Dice question - expected winnings of rolling dice222 times
Typical trading interviews consider gambling problems such as rolling a dice and winning its face value. The expected winnings are $ \$3.5 $ , $ \$4.25 $ , $ \$\frac{14}{3} $ for one throw, two throws, and three throws respectively. The expected winnings of $ n $ throws may be calculated recusively knowing the value of $ n-1 $ .
However, now consider a different game, in which one obtains $ \$10,000,000 $ for each face value of the dice. How much would you pay to enter this game?
Values of this big need us to be risk averse, in which the utility function is not linear but concave. A canonical choice is the logarithm, using which the money equivalent of the game is the geometric mean, $ (\prod_{i=1}^6 i10^8)^{1/6} \approx 2.9938 10^8 $ . So a risk reverse investor will pay $ 30M $ to enter the game. However, what if now I can throw the dice two times? Obviously, the same strategy before cannot apply here. How should we price this game then? Using binomial tree?
Let’s apply basic utility theory. Note that the expected utility is driven by the outcomes, their probabilities and the initial wealth $ W_0 $ of the gambler (see @Dimitri’s comment to your question). Let $ \mathrm{EU} $ denote expected utility
$$ \mathrm{EU}\equiv\sum\limits_{i=1}^np_iu(x_i+W_0) $$
and $ \mathrm{CE} $ be the certainty equivalent (or money equivalent in your question) $$ \mathrm{CE}\equiv u^{-1}(\mathrm{EU})-W_0, $$ i.e. $ u(\mathrm{CE+W_0})=\mathrm{EU} $ . If the initial wealth is orders of magnitude above the gamble’s outcomes, $ W_0>>x $ , then utility can be well approximated by a linear function, $ u(W_0+x_i)\approx u(W_0)+cx_i $ with $ c $ some constant depending on $ W_0 $ and $ u $ . This is reflected in the first part of your question.
Let’s further introduce optimal decision making. With $ n $ more rounds to go in the game, your gambler will always stop the game at some result $ x_i+W_0 $ whenever the utility of that result exceeds the continuation value,
$$ u(x_i+W_0)>\max{F_n} $$
where, somewhat sloppily, $ \max F_n $ denotes the expected utility from optimally stopping the game at some future time.

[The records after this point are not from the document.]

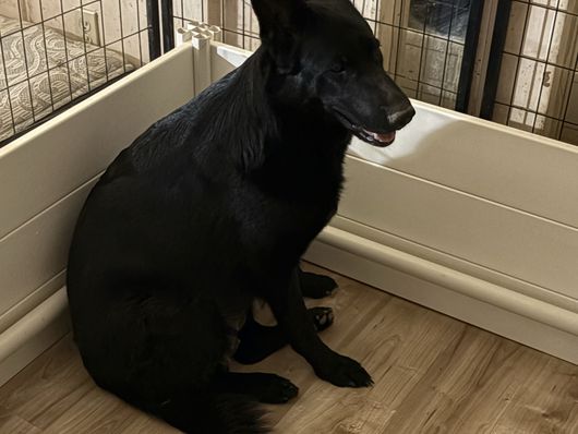 Rex is three-quarter DDR lines is a sweet boy. He carries the long coat gene very playful, loves his puppies, housebroken pure black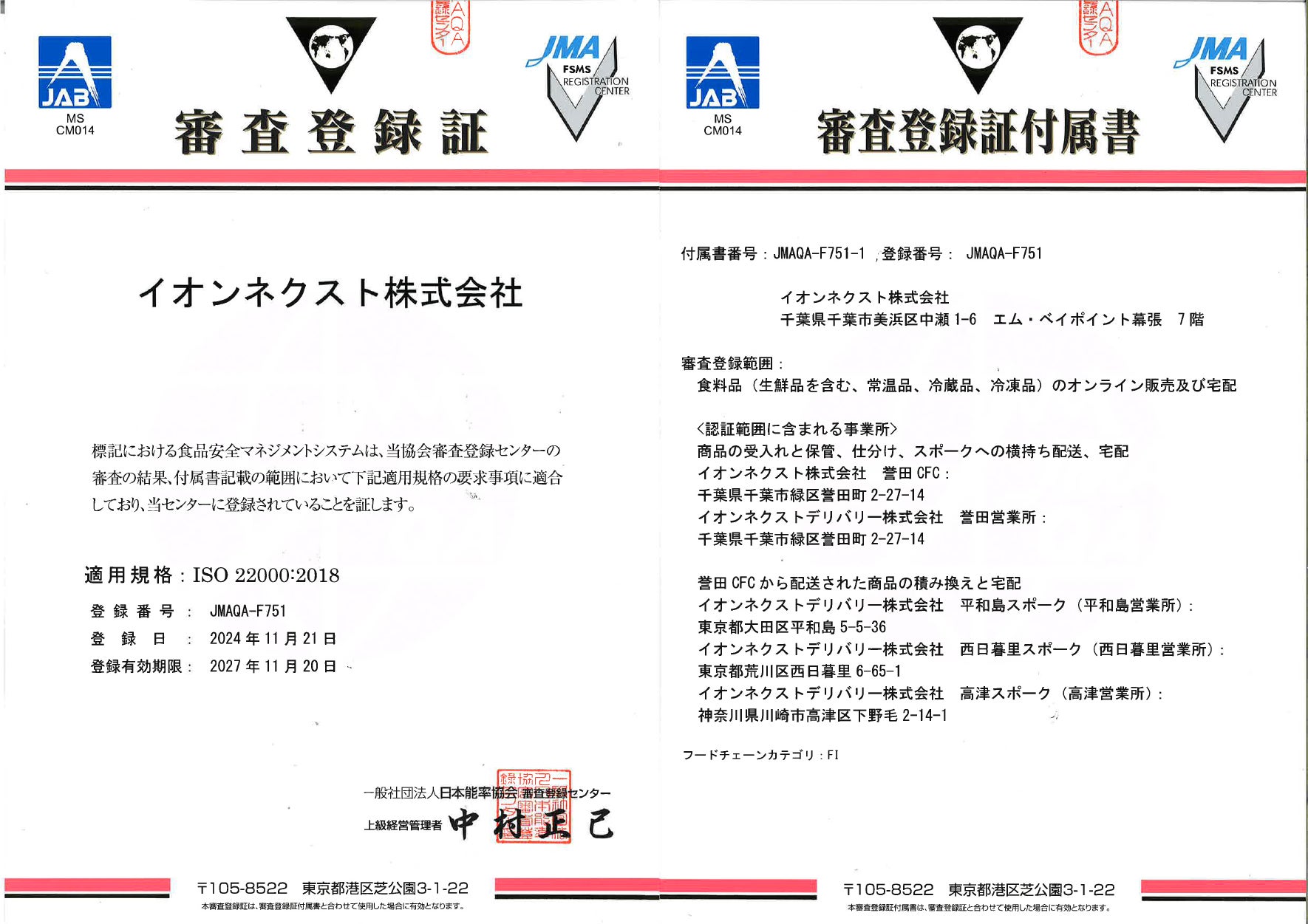 イオンネクスト株式会社(本社:千葉市美浜区、代表取締役社長:バラット・ルパーニ)は、食品安全マネジメントシステムの国際規格であるISO22000の認証を取得しました。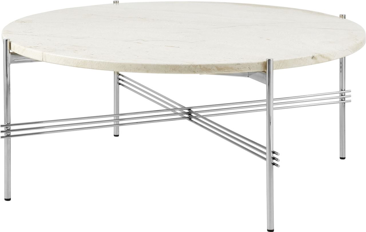 GUBI TS Coffee Table Ø: 80 cm - Polished Steel/Neutral White Travertine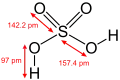 Długości wiązań pojedynczych S−OH wynoszą 1,574 Å, a podwójnych S=O – 1,422 Å, natomiast długości wiązań O−H to 0,97 Å[9].

In your example, this problem can be solved recursively: With one more round to go, the gambler will stop at some outcome $ x_j $ if $$ u(W_0+x_j)>\sum\limits_{i=1}^np_iu(x_i+W_0)\Leftrightarrow x_j>u^{-1}(EU)-W_0\equiv \mathrm{CE}_1 $$
The gambler will continue to play at any $ x_j<\mathrm{CE}_1 $ . With two more rounds to go, they know their optimal decision in the next round and they can adjust the game’s expected continuation value accordingly, i.e. now they stop if
$$ u(x_j+W_0)>\sum_{i:x_i < \mathrm{CE}_1}p_iu(W_0+\mathrm{CE}1)+\sum{i:x_i > \mathrm{CE}_1}p_iu(W_0+x_i) $$ And they will again find some certainty equivalent $ \mathrm{CE}_2 $ for this game, and so on.
At any step, the certainty equivalent (money value) of playing $ n $ games can be calculated by calculating
$$ \begin{align} \mathrm{CE_n}&=u^{-1}(\mathrm{EU_n})-W_0\ &=u^{-1}\left(\sum_{i:x_i < \mathrm{CE}{n-1}}p_iu(W_0+\mathrm{CE}{n-1})+\sum_{i:x_i > \mathrm{CE}_{n-1}}p_iu(W_0+x_i)\right)-W_0 \end{align} $$
N.B.: For completeness, the price of the gamble should, of course, also be reflected in the utility and outcome… Also: @Dimitri’s comment is very insightful: You are only willing to pay some utility based reservation price for such a gamble, but the gambling house would, on average, loose money at such a ticket price.